On needles and haysacks: New way to deal with large datasets

Published 3 March 2008

The ability to gather vast amounts of data and create huge datasets has created a problem: Data has outgrown data analysis; for more than eighty years one of the most common methods of statistical prediction has been maximum likelihood estimation (MLE); Brown University researchers offer a better way to deal with the enormous statistical uncertainty created by large datasets

With CCTVs and sensors sprouting everywhere; with search engines plowing through tons of publicly available data; with the National Security Agency (NSA) listening in on tens of millions of phone conversations and reading a similar number of e-mails and text messages — with all that information available, how does one sift through hundreds of billions of bits of information and make accurate inferences from such gargantuan sets of data? Brown University mathematician Charles “Chip” Lawrence and graduate student Luis Carvalho have arrived at a fresh answer with broad applications in science, technology, business — and homeland security and intelligence analysis. In new work published in the Proceedings of the National Academy of Sciences, Lawrence and Carvalho describe a new class of statistical estimators and prove four theorems concerning their properties. Their work shows that these “centroid” estimators allow for better statistical predictions — and, as a result, better ways to extract information from the immense data sets used in computational biology, information technology, banking and finance, medicine, engineering, and intelligence. “What’s exciting about this work — what makes it every scientist’s dream — is that it’s so fundamental,” Lawrence said. “These new estimators have applications in biology and beyond and they advance a statistical method that’s been around for decades.”

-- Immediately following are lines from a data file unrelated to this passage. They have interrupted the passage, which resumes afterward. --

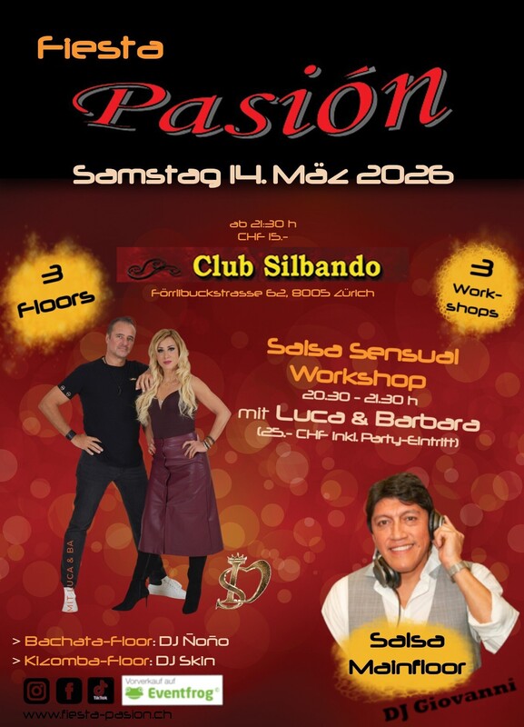 Lerne Salsa Sensual Figuren mit Luca & Barbara (SalsaLuca) und tanze diese gleich anschliessend an der Fiesta Bachata ab 21:30 Uhr mit 3 Floors (u.a. mit Salsa Floor by DJ Giovanni)! Workshop inkl. Party-Eintritt Fiesta Bachata für 25.- CHF Abendkasse oder Vorverkauf via Eventfrog: https://eventfrog.ch/de/p/kurse-seminare/musik-tanz/salsa-sensual-workshop-mit-luca-barbara-salsaluca-7421654914873457981.html https://eventfrog.ch/de/p/kurse-seminare/musik-tanz/salsa-sensual-workshop-mit-luca-barbara-salsaluca-7421654914873457981.html
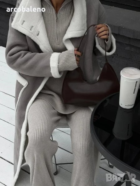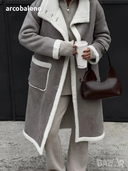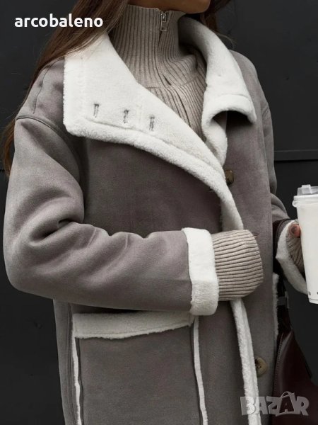 кожа с джобове в сиво и бяло, едно цяло кожено палто с ревер
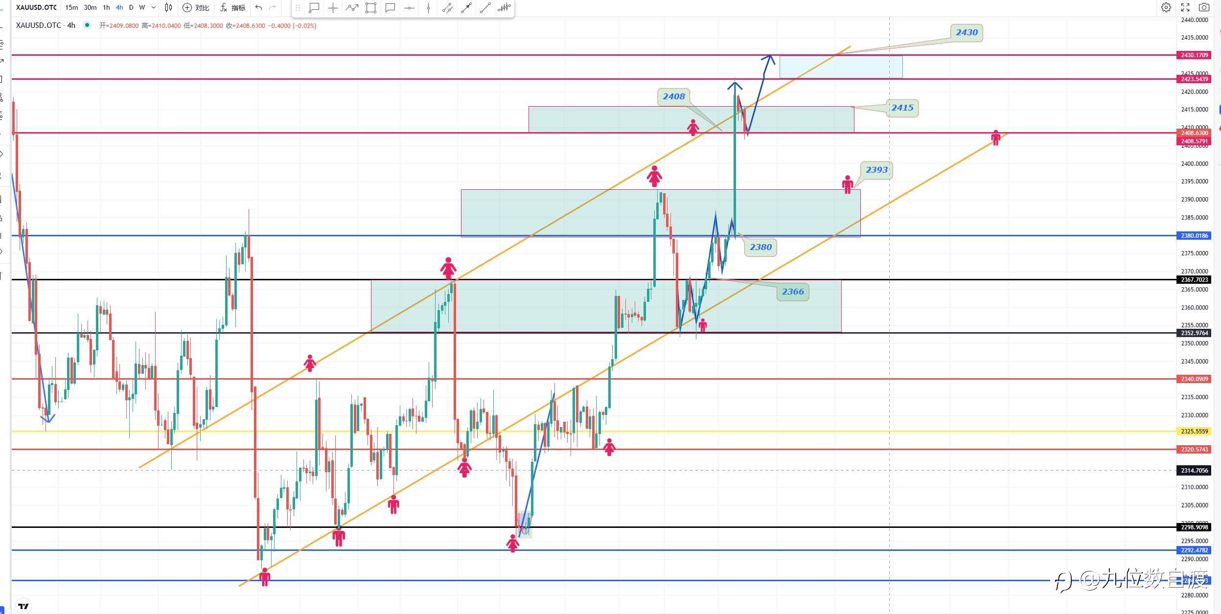 大家好,我是闲修,主做日内趋势。新的一月又开始了,也将迎来下半年的首战!老规矩,回顾下行情。本月美联储与欧洲央行加拿大货币政策出现分歧,欧减息25个基点,挫使黄金一天大跌100刀。而美联储通胀依旧过高。而上周的PCE物价指数发布创下了3年以来新低 也是黄金逼近2336 初请 数据表示 通胀有所缓解。日元也是跌破161 贬值35% 地缘政治方面,对于美元 俄乌 或者中东依旧紧张。美日韩也是在韩国联合军演秀肌肉,引发俄朝的各种不满。那么本周该如何操作?从 美联储发布各数据看,由于通胀原因,经济有所疲软下滑,重点关注美元指数动向。 黄金则大概率以 震荡为主。如图所示。震荡区间为2324-2372 周五收线日线收出了(大阳包阴 )可能进一步延续多头,第一目标 2338 第二目标2355 第三目标2372 反之 日线整体结构走出头肩顶结构 此次如未能站稳2336 则可以看作为下跌后的回测。下坡2322则可看空 第一目标2313 第二目标2398 第三目标2387 极限目标 2384 以上内容仅代表个人观点。市场是机动性的,人性是贪婪的,给出明确信号再考虑入场。交易是对人性的洗髓,涅槃的重生,做好风险管理,开启财富之门。关注我,交易路上不踩坑!如请点赞关注收藏转发。感谢支持#你在交易中自律吗# #黄金外汇解盘# #大宗商品牛气冲天# #交易心态比技术更重要吗#
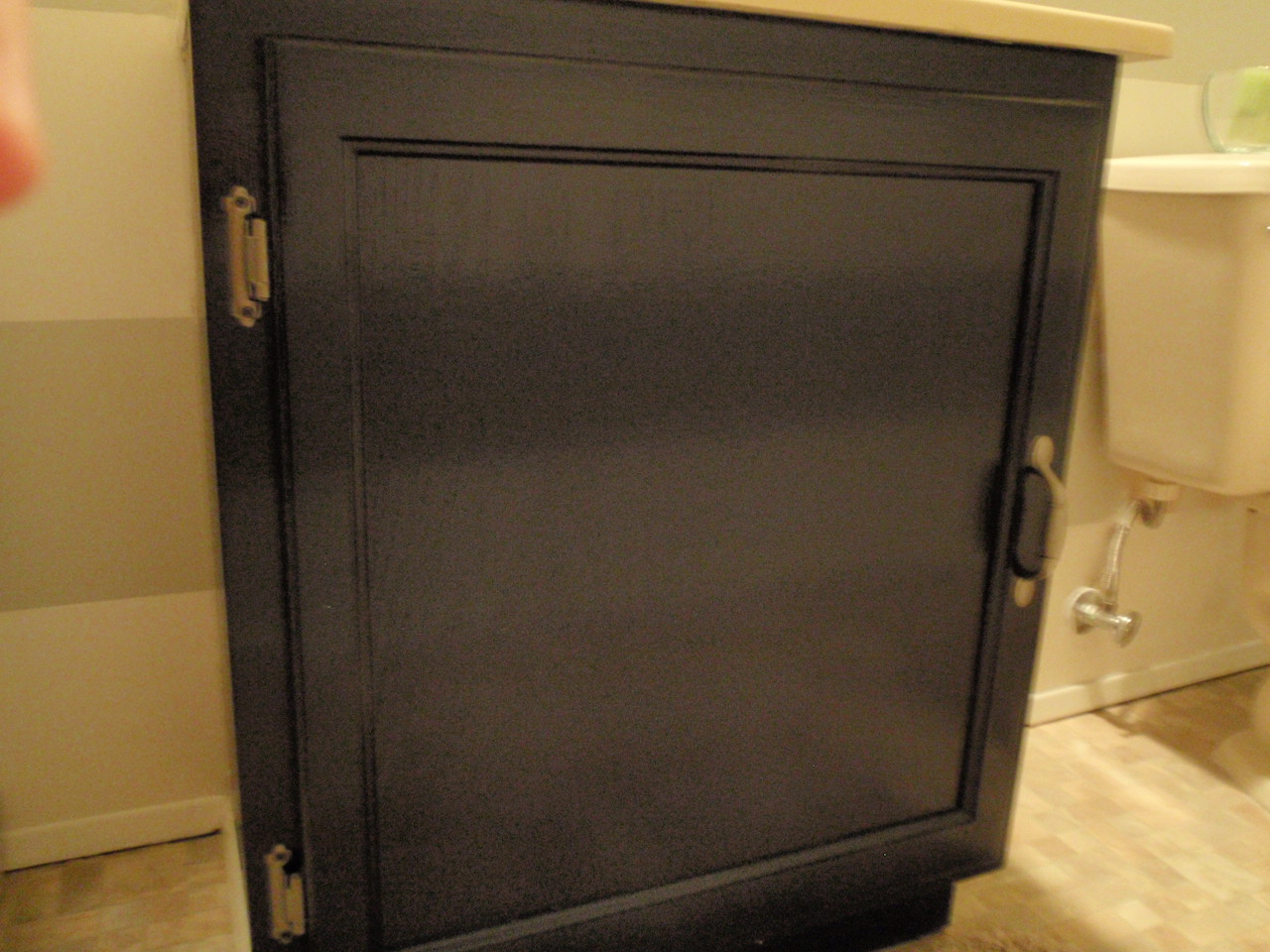 Notice the handle on the cabinet? I sprayed the hinges and the knob with 3 coats of stainless steel Rustoleum spray paint that I had left over from a kitchen project.
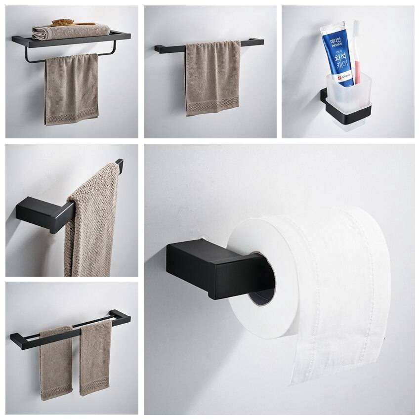 Matte Black 304 Stainless Steel Bathroom Hardware Set Robe Hook

For more than eighty years one of the most common methods of statistical prediction has been maximum likelihood estimation (MLE). This method is used to find the single most probable solution, or estimate, from a set of data. New technologies, however, those which capture enormous amounts of data — human genome sequencing, Internet transaction tracking, instruments that beam high-resolution images from outer space — have opened opportunities to predict discrete “high dimensional” or “high-D” unknowns. The huge number of combinations of these high-D unknowns produces enormous statistical uncertainty. Data has outgrown data analysis. This discrepancy creates a paradox. Instead of producing more precise predictions about gene activity, shopping habits, or the presence of faraway stars, these large data sets are producing more unreliable predictions, given current procedures. This is because maximum likelihood estimators use data to identify the single most probable solution, but because any one data point swims in an increasingly immense sea, it is not likely to be representative.

Lawrence, a professor of applied mathematics and a faculty member in the Center for Computational Molecular Biology at Brown, first came upon this paradox and a potential way around it while working on predicting the structure of RNA molecules. If you want to predict the structure of these molecules — how the molecule will look when it folds onto itself — you would have billions and billions of possible shapes to choose from. “Using maximum likelihood estimation, the most likely outcome would be very, very, very unlikely,” Lawrence said, “so we knew we needed a better estimation method.” Lawrence and Carvahlo used statistical decision theory to understand the limitations of the old procedure when faced with new high-D problems. They also used statistical decision-making theory to find an estimation procedure that applies to a broad range of statistical problems. These centroid estimators identify not the single most probable solution, but the solution that is most representative of all the data in a set. Lawrence and Carvahlo went on to prove four theorems that illustrate the favorable properties of these estimators and show that they can be easily computed in many important applications. “This new procedure should benefit any field that needs to reliably make predictions of large-scale, high-D unknowns,” Lawrence said.

The U.S. Department of Energy (DOE) and the National Institutes of Health (NIH) funded the work.